5 Appraisal of the Results
An important characteristic of geophysical inverse problems is that the solution to the optimiza-
tion problem is most likely not the true model of the earth that generated the data. Thus, it is
generally recognized in geophysics that a complete solution should include a description of the
optimum model and an evaluation of how this optimum model may be related to the true model.
This latter evaluation typically includes two separate aspects, the sensitivity of the optimum
model to incompleteness in the data and the sensitivity to noise in the data.

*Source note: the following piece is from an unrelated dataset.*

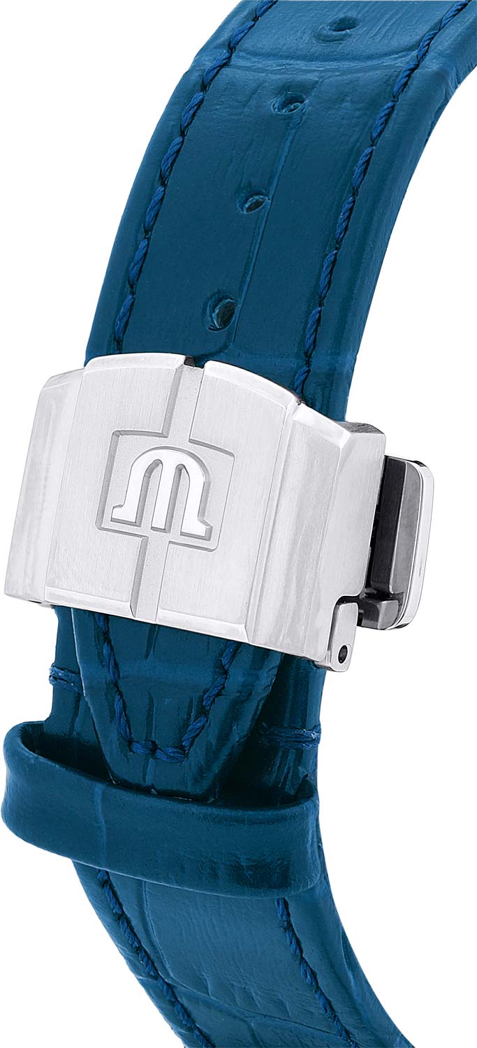 покрытием, которое светится в темноте после непродолжительной зарядки на свету. Окошко даты находится в положении 3 часа. Прозрачная задняя крышка. Граненая заводная головка. Удобный кожаный ремешок с раскладывающейся застежкой украшен логотипом Maurice Lacroix ''M''. Система быстрой замены

For most geophysical inverse problems the amount of information in the data is insufficient to
independently determine all parameters of the model (Jackson, 1972; Alumbaugh and Newman,
1997). This can be expressed as
mopt = R(m) (24)
where the resolution operator R maps the true model m into the model mopt produced by the
optimization procedure. Departure of R from an identity operator signifies imperfect resolution.

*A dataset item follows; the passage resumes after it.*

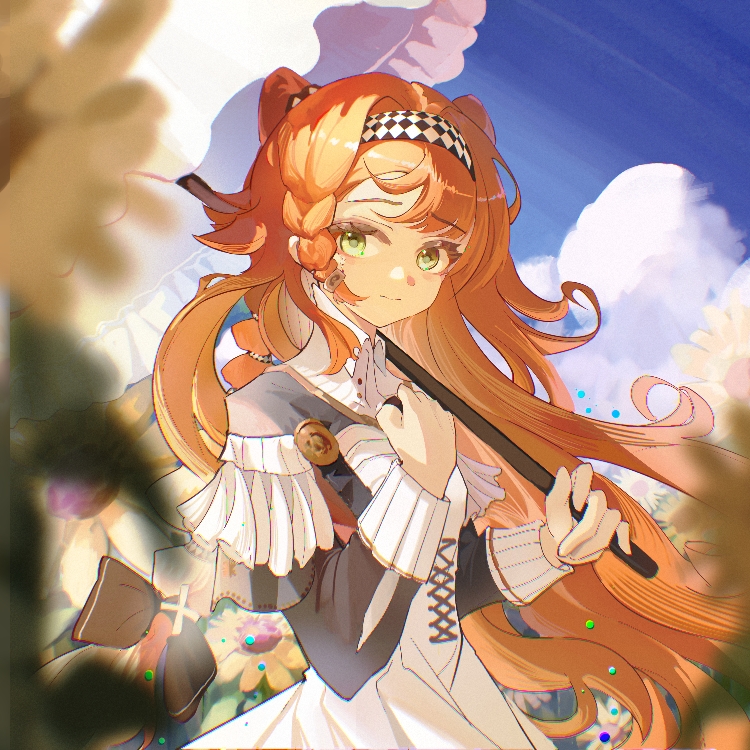 1girlblue skybraidbraided sidelockcheckered hairbandclosed mouthcloudcollared dressdaydressfieldflowerflower fieldgreen eyesgrey cloakgrey sleeveshairbandhands uphigh collarholdingholding umbrellalong hairlooking at viewerorange hairoutdoorsskysmilesolosunflowersunflower fieldtwo side upumbrellaumbrella over shoulderupper bodyvery long hairwhite dressyellow flower

Typically it describes a smoothing operation because fine details of the true model can not be
resolved by the available data. Stated in another way, an imperfect resolution operator says
that the solution is non-unique, a characteristic of most geophysical inverse problems.
For linear problems the construction of the resolution operator is straightforward (Jackson,
1972; Wiggins, 1972; Menke, 1989). However, for very large problems this task may represent a
prohibitive computational burden. Recent advances have shown how to compute approximations
to the resolution operator iteratively for such large systems (Nolet, 1985; Zhang and McMechan,
1995; Minkoff, 1997; Berryman, 2000). Alternatively, resolution can be approximated by showing
how well the features of a synthetic model can be reproduced by the inversion method. The use
of such approximate measures of resolution can be misleading (see for instance Levaque et al.,
1993) unless the synthetic model contains a complete range of features.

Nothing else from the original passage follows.